▶ Brief
From the material below, reproduce exactly the stretch of lines that begins with the line holding "Ann Silk Floral" and ends with the line holding "Formulan är baserad", skipping the pictures.

_ _ _ _

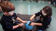 Δύο μπαλόνια και λίγη γυψόγαζα ήταν τα υλικά που χρησιμοποιήσαμε για να φτιάξουμε, με τη βοήθεια τής νηπιαγωγού μας, κ.Γιώτας Παππά, μια παρέα από νεροσταγόνες. Τις βάψαμε, τις στολίσαμε και το αποτέλεσμα ήταν εντυπωσιακό!
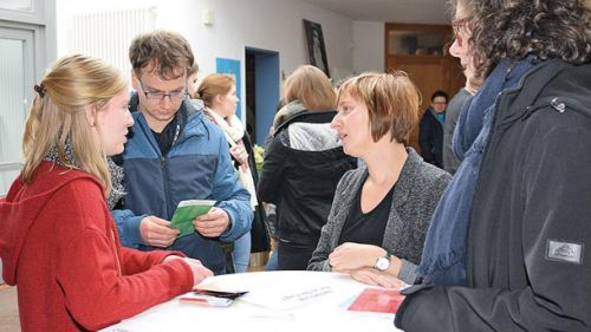 Junge Leute sprechen mit Religionslehrerin Katharina Frank und Gemeindereferenin Miriam Fricke. | Fotos: Eckhard Pohl
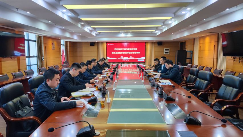 1月16日,三明市委组织部副部长、编办主任许家源,以及清流县委常委、组织部部长郭良贵等一行莅临荣耀体育在线注册_荣耀体育(中国),就产教融合及氟新材料产业链特聘专家团队建设等事宜进行调研交流。产教融合发展中心副主任谢德胜、人事处副处长朱中伟、海峡柔性电子(未来科技)学院钱德平教授等相关人员参加了座谈会。
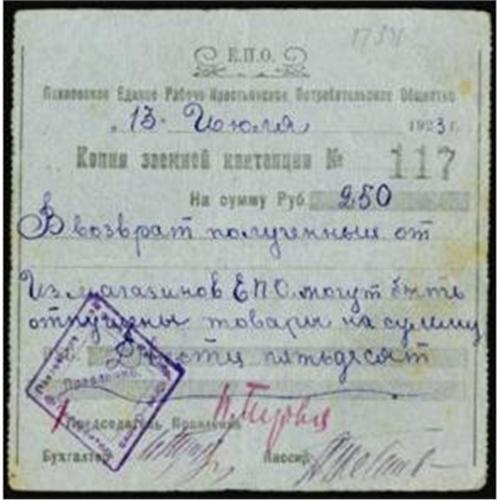 <style type="text/css"> body, td, th { font-family: Arial, Helvetica, sans-serif; font-size: 12px; color: #482424; margin: 0px; padding: 0px; } #header { background-image: url(http://www.bowersandmerena.com/ebay/images/template_v3_01.gif); clear: both; background-color: #590303; border-top-width: 2px; border-top-style: solid; border-top-color: #B38C4F; } #header #header_wrapper { height: 75px; clear: both; width: 800px; margin-right: auto; margin-left: auto; background-image: url(http://www.bowersandmerena.com/ebay/images/template_v3_03.gif); background-repeat: no-repeat; background-position: right; color: #F3EDCC; } #header #header_wrapper #header_logo { float: left; height: 75px; width: 444px; background-image: url(http://www.bowersandmerena.com/ebay/images/template_v3_02.gif); background-repeat: no-repeat; font-size: 10px; text-transform: capitalize; color: #B38C4F; } #header #header_wrapper #header_right { float: left; height: 75px; width: 356px; text-align: right; } #header #header_wrapper #header_right #headerLoginBtn { margin-bottom: 30px; } #header #header_wrapper #header_right input#txtSearch { color: #B49056; border: 1px solid #B49056; width: 175px; padding-top: 3px; padding-right: 3px; padding-bottom: 4px; padding-left: 3px; } #nav { height: 37px; background-image: url(http://www.bowersandmerena.com/ebay/images/template_v3_05.gif); clear: both; } #nav #nav_wrapper { height: 35px; width: 800px; margin-right: auto; margin-left: auto; border-left-width: 1px; border-left-style: solid; border-left-color: #B38C4F; } #nav #nav_wrapper a { padding-right: 15px; padding-left: 15px; border-right-width: 1px; border-right-style: solid; border-right-color: #B38C4F; height: 25px; padding-top: 10px; display: block; float: left; text-decoration: none; font-weight: bold; color: #5D0303; } #nav #nav_wrapper a:hover { color: #B38C4F; } #nav #nav_wrapper #search { float: right; padding-top: 7px; } #nav #nav_wrapper #search #txtSearch { font-family: Arial, Helvetica, sans-serif; font-size: 10px; text-transform: uppercase; color: #D2AE75; border: 1px solid #B38C4F; padding: 3px; } #content_bgd { background-image: url(http://www.bowersandmerena.com/ebay/images/template_v3_09.gif); background-repeat: repeat-y; background-position: center; padding-top: 15px; padding-bottom: 15px; background-color: #FBFBDB; } #content_wrapper { clear: both; height: auto; width: 800px; margin-right: auto; margin-left: auto; } .LotDetailWhite { line-height:normal; font-size:13px; font-family: arial,helvetica,sans-serif; color: White; font-weight: bold; } .LotDetailInformation { line-height:normal; font-size: 13px; font-family: arial,helvetica,sans-serif; } .LotDetailMessage { line-height:normal; font-size: 13px; font-family: arial,helvetica,sans-serif; color: red; } } tr.HeaderAuctionTitle td { color: #000000; font-weight: bold; padding: 2px; background-image: url(http://www.bowersandmerena.com/ebay/images/template_v3_05.gif); background-repeat: repeat-x; border-bottom-width: 1px; border-bottom-style: solid; border-bottom-color: #B38C4F; } table.AuctionSummary a, table.AuctionSummary a:link, table.AuctionSummary a:visited { color: #0000FF; text-decoration: none; } } td.tableHeaderLeft { border-left-width: 1px; border-left-style: solid; border-left-color: #B38C4F; } td.tableHeaderRight { border-right-width: 1px; border-right-style: solid; border-right-color: #B38C4F; } td.tableCellMiddle { border-left-width: 1px; border-left-style: solid; border-left-color: #B38C4F; border-right-width: 1px; border-right-style: solid; border-right-color: #B38C4F; padding: 5px; } tr.footer td { border-top-width: 1px; border-top-style: solid; border-top-color: #B38C4F; } </style> </head> <body> <div id="header"> <div id="header_wrapper"> <div id="header_logo"> </div> <div id="header_right"> </div> </div> </div> <div id="nav"> <div id="nav_wrapper"> <a href="http://www.bowersandmerena.com">Our eBayLive Auctions</a> <a href="#PaymentInfo">Payment Information</a> <a href="#ShippingInfo">Shipping Information</a> <a href="#About">About Bowers and Merena</a> </div> </div> <div id="content_bgd"> <div id="content_wrapper"> <table width="100%" border="0" cellpadding="5" cellspacing="0" class="AuctionSummary"> <tbody> <tr class="HeaderAuctionTitle" style="height: 25px;"> <td align="left" class="tableHeaderLeft" > </td> <td align="center" class="tableHeaderRight"> <span style="font-size: large;">Lot #2406. Central Russia. City of Pavlovo Exchange or Scrip Note Issues.</span> </td> </tr> <tr> <td colspan="3" class="tableCellMiddle"> Lot of 3 notes from 2 different issuers. 1923, 250 and 500 Rubles, P-Unlisted, Denis #1189, Fine to VF; Stamp Small Change Issue, 3 Kopeks, P-Unlisted, Denis #unlisted, Scarce notes.
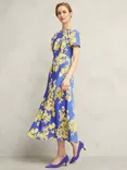 Ann Silk Floral Print Petite Midi Dress, Blue/Yellow
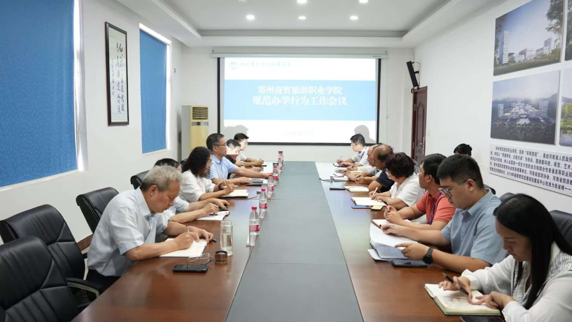 8月30日,我校在新密校区办公楼二楼会议室召开规范办学行为工作会议。学校党政领导班子成员出席会议,校企合作办公室、教务处、各二级学院负责人参加会议。会议由校长郭国侠主持。
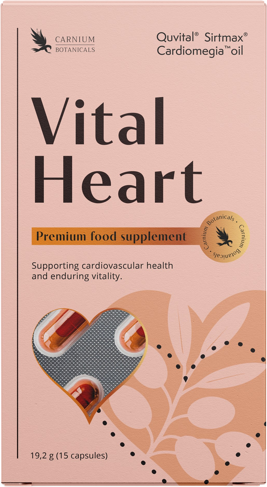 Formulan är baserad på noggrant utvalda ingredienser av vegetabiliskt ursprung, bland annat CardiOmegia™ havtornsolja, en naturlig källa till omega-7-fettsyror. Formuleringen kompletteras med det patenterade extraktet av svart ingefära Sirtmax®, coenzym Q10 samt vitaminerna B1 och B2.
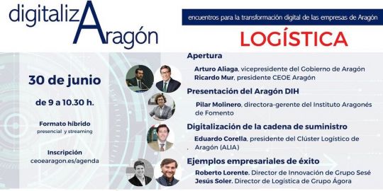 El evento, en el que se presentará el Aragón Digital Innovation Hub, incluirá una ponencia sobre la digitalización de la cadena de suministro, a cargo del presidente del Clúster Logístico de Aragón, Eduardo Corella.
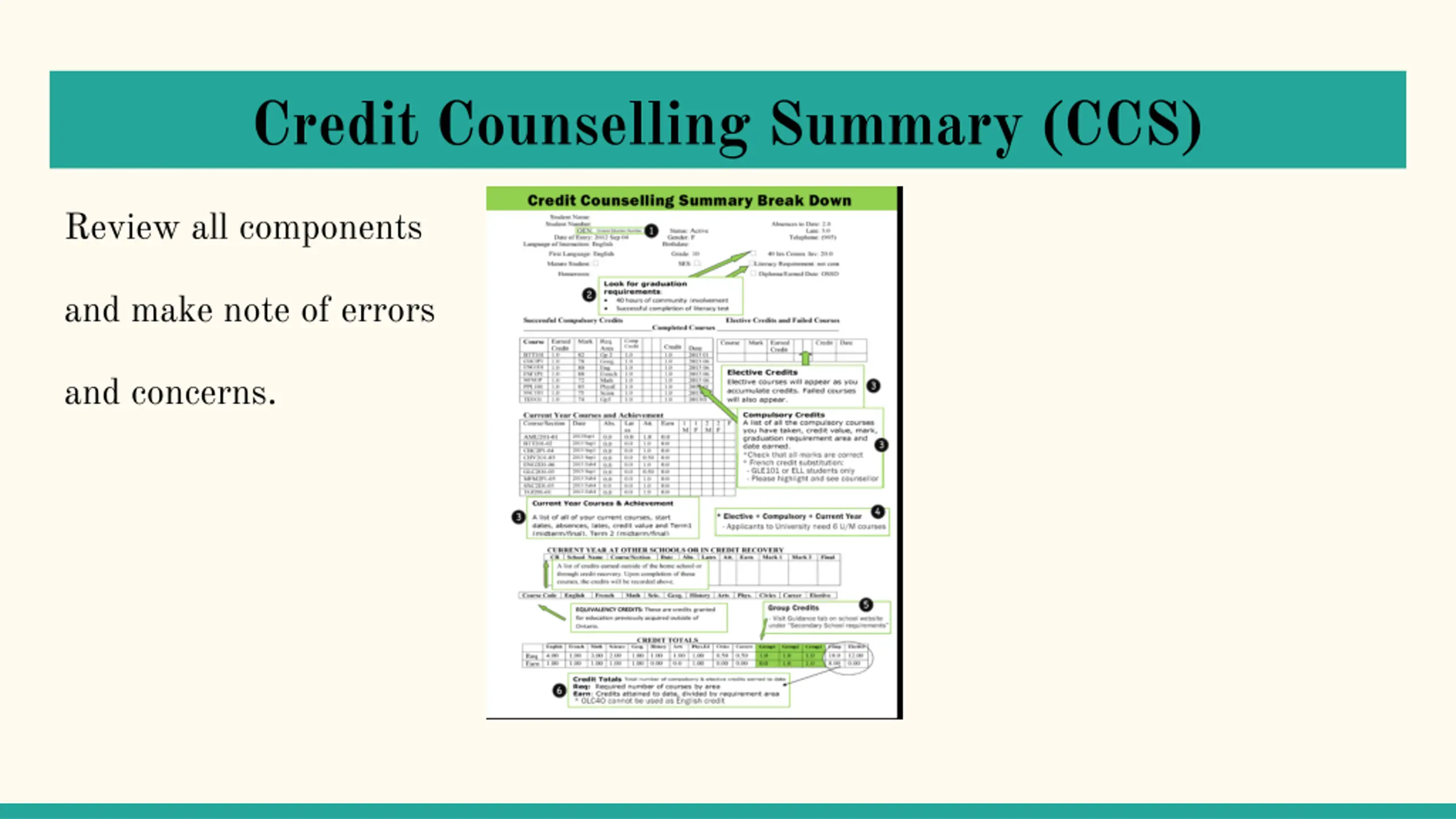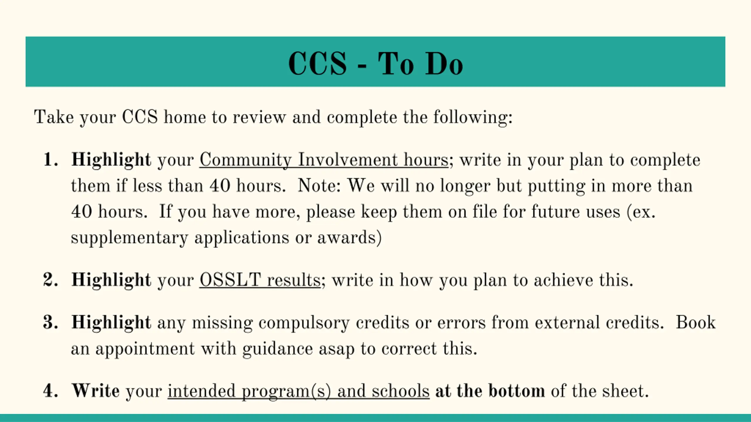 CCS - To Do Take your CCS home to review and complete the following: 1. Highlight your Community Involvement hours; write in your plan to complete them if less than 40 hours. Note: We will no longer but putting in more than 40 hours. If you have more, please keep them on file for future uses (ex. supplementary applications or awards) 2. Highlight your OSSLT results; write in how you plan to achieve this. 3. Highlight any missing compulsory credits or errors from external credits. Book an appointment with guidance asap to correct this. 4. Write your intended program(s) and schools at the bottom of the sheet.
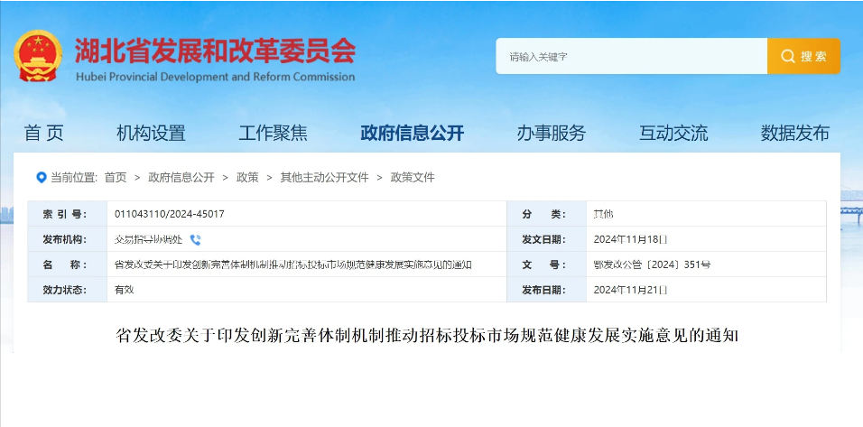近(jìn)日(rì),湖(hú)北(běi)省發改委印發《關于創γ≠新完善體(tǐ)制(zhì)機(jī)制(zhì)推動招标投标市(s×σhì)場(chǎng)規範健康發展的(d&'e)實施意見(jiàn)》(鄂發改公管〔2024〕号,以✔∞下(xià)簡稱《實施意見(jiàn)》),深化(hα&γ uà)招标投标領域改革創新重點任務和(hé)具體(tǐ)...
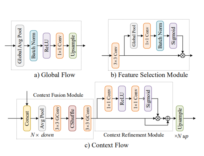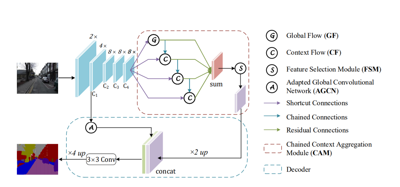 The Chained Context Aggregation Module (CAM) is one of the most critical aspects of the CANet architecture, as discussed previously. It consists of both the global flow and the context flow. Both of these structures are shallow encoder-decoder structures containing a down-sampling layer to gain different receptive fields, a projection layer to integrate sufficient context features, and an up-sampling layer to recover localization information.
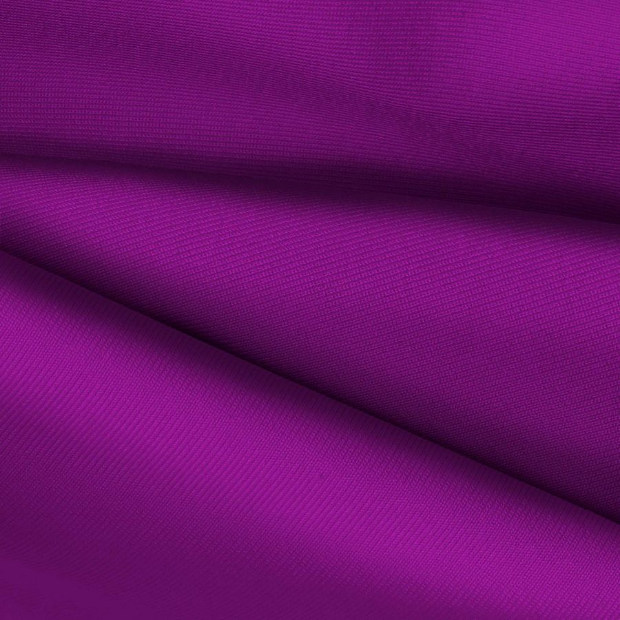 La tela base es una Lycra de Poliéster de 270 gr/m2, con composición de 82% poliéster y 18% elastano. El color liso impreso es Morado Mardi Gras, con un CMYK de 60 100 0 0. Este tono presenta un matiz violeta oscuro con matices cálidos, lo que lo hace ideal para prendas deportivas o de baño. Este color combina perfectamente con tonalidades claras, como el blanco o el rosa, así como con tonos más oscuros como el negro o el gris.
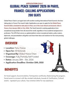 বিশেষ প্রতিনিধি | প্যারিস (ফ্রান্স), ২৫ অক্টোবর ২০২৫ : বিশ্ব শান্তি ও টেকসই উন্নয়নের লক্ষ্যে আন্তর্জাতিক তরুণ নেতাদের এক মঞ্চে আনতে আবারও আয়োজন করা হচ্ছে গ্লোবাল পিস সামিট ২০২৬ (Global Peace Summit 2026)। এ বছরের সম্মেলনটি অনুষ্ঠিত হবে ফ্রান্সের রাজধানী প্যারিসে, আগামী ২৮ জানুয়ারি থেকে ৩১ জানুয়ারি, ২০২৬ পর্যন্ত।
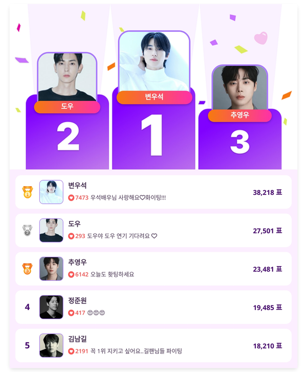 3위는 추영우로, 생일을 맞은 그를 향한 팬들의 뜨거운 축하와 응원이 23,481표라는 높은 득표로 이어졌다. “4위는 정준원(19,485표), 5위는 김남길(18,210표)이 차지했다.
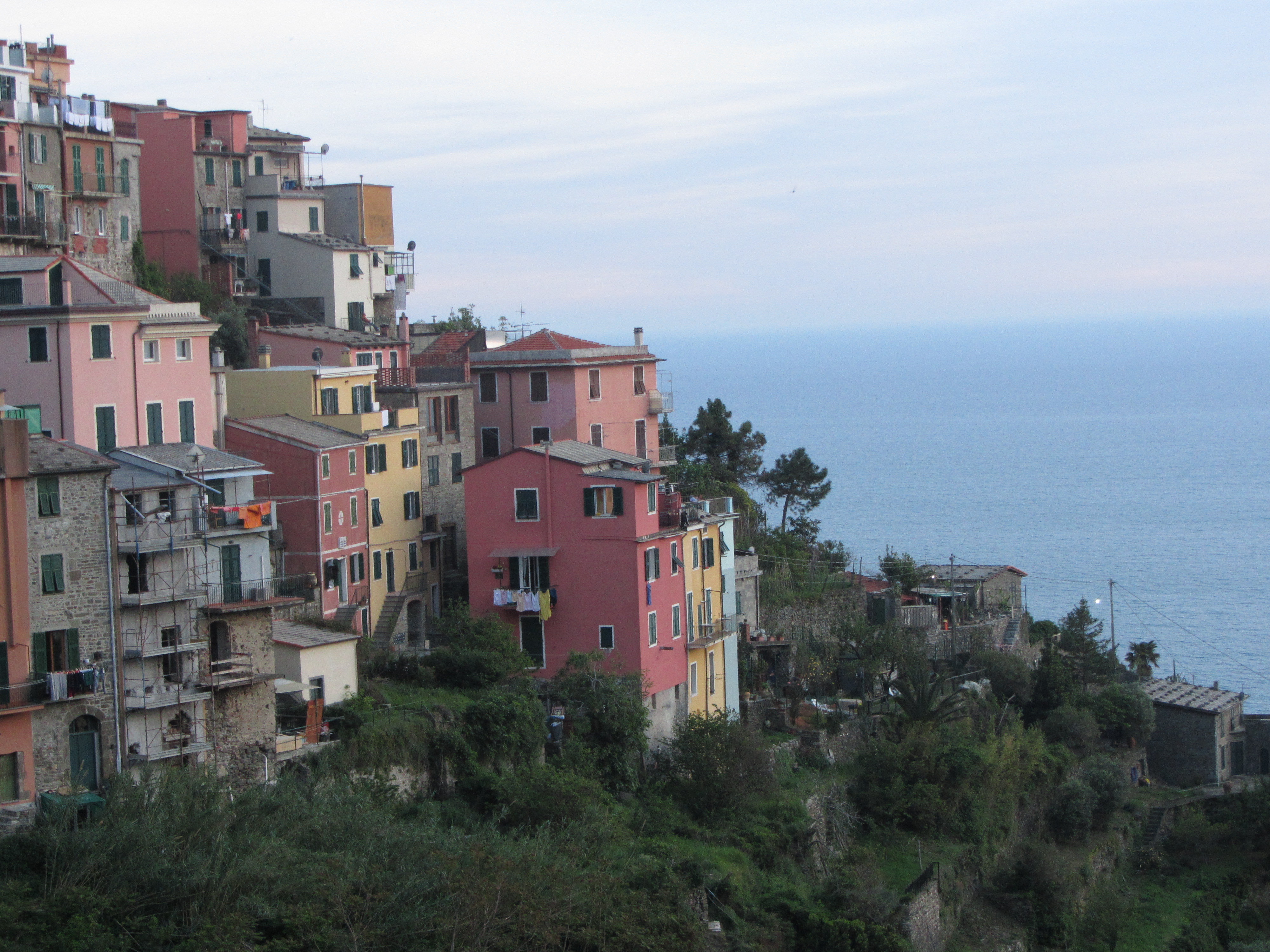 view of the Mediterranean all to ourselves. The scenery was unbelievable (note the picture to the left): dozens of colored houses clinging to the cliffs, set against lush, green mountains. It was like nothing I’d seen before, and I was sad to say good-bye.
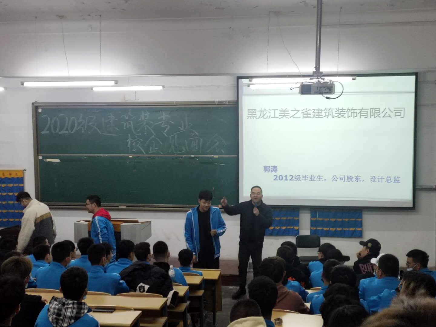 10月19日下午17点,建筑装饰工程技术专业举行了2020级新生见面会暨校企见面会。会议由建筑装饰教研室主任林泉主持,企方代表“黑龙江美之雀建筑装饰有限公司”设计总监郭涛,建筑装饰专业教师,2020级建筑装饰专业全体学生参加了本次会议。
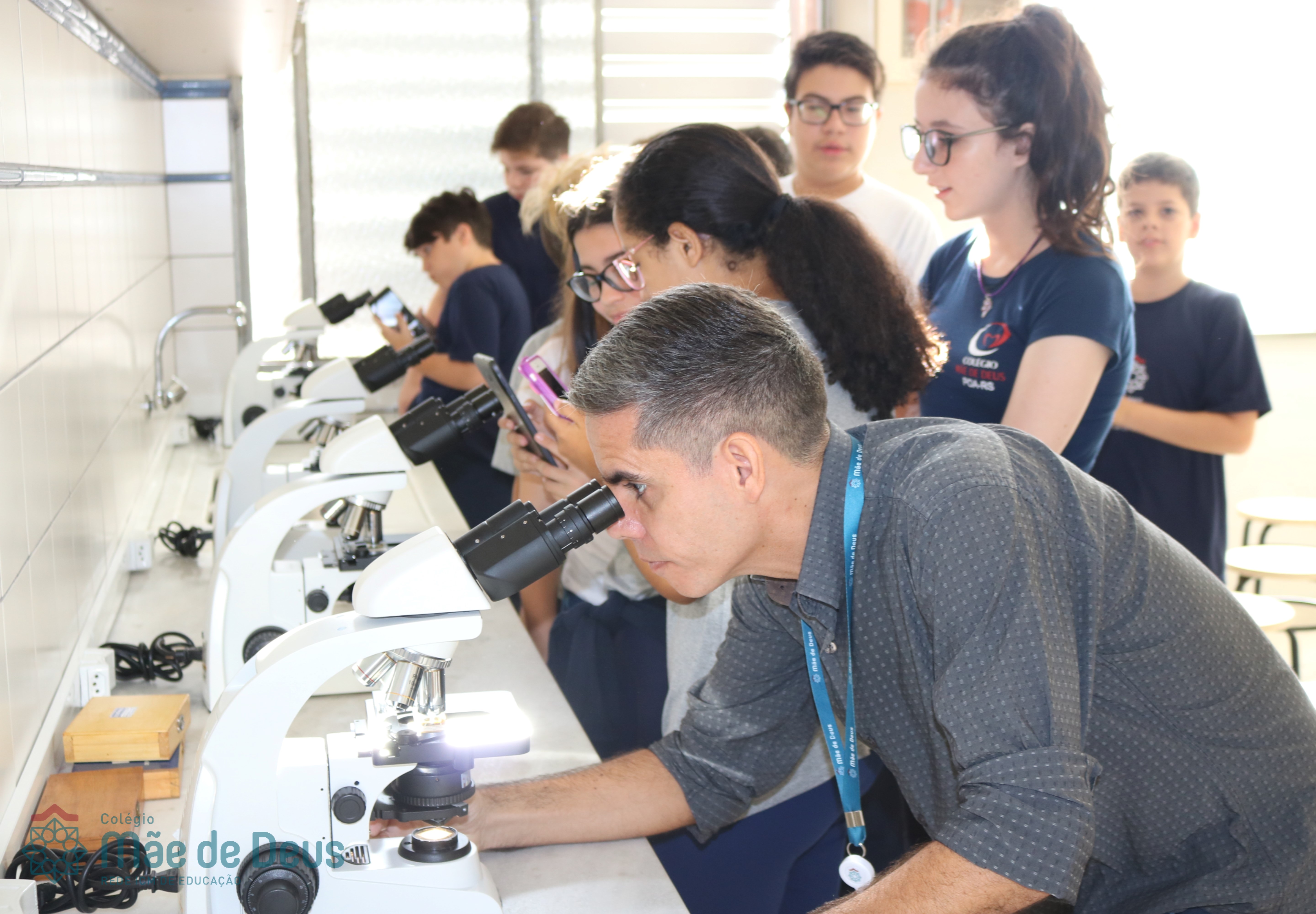 Para inaugurar o uso dos aparelhos, os estudantes do 7º ano, observaram células animais (mucosa bucal e pele) e vegetais (raiz de cebola) e estruturas adaptativas (aparelho bucal do mosquito) de algumas espécies em diferentes aumentos (40x, 100x e 400x), nas aulas de Ciências, sob a orientação do professor Paulo Prates. Esta proposta metodológica prática, tem por objetivo reforçar o conteúdo da teoria e garantir que o estudante possa aprender de diferentes formas.

_ _ _ _

▶ Solution to the exercise
 Ann Silk Floral Print Petite Midi Dress, Blue/Yellow
 8月30日,我校在新密校区办公楼二楼会议室召开规范办学行为工作会议。学校党政领导班子成员出席会议,校企合作办公室、教务处、各二级学院负责人参加会议。会议由校长郭国侠主持。
 Formulan är baserad på noggrant utvalda ingredienser av vegetabiliskt ursprung, bland annat CardiOmegia™ havtornsolja, en naturlig källa till omega-7-fettsyror. Formuleringen kompletteras med det patenterade extraktet av svart ingefära Sirtmax®, coenzym Q10 samt vitaminerna B1 och B2.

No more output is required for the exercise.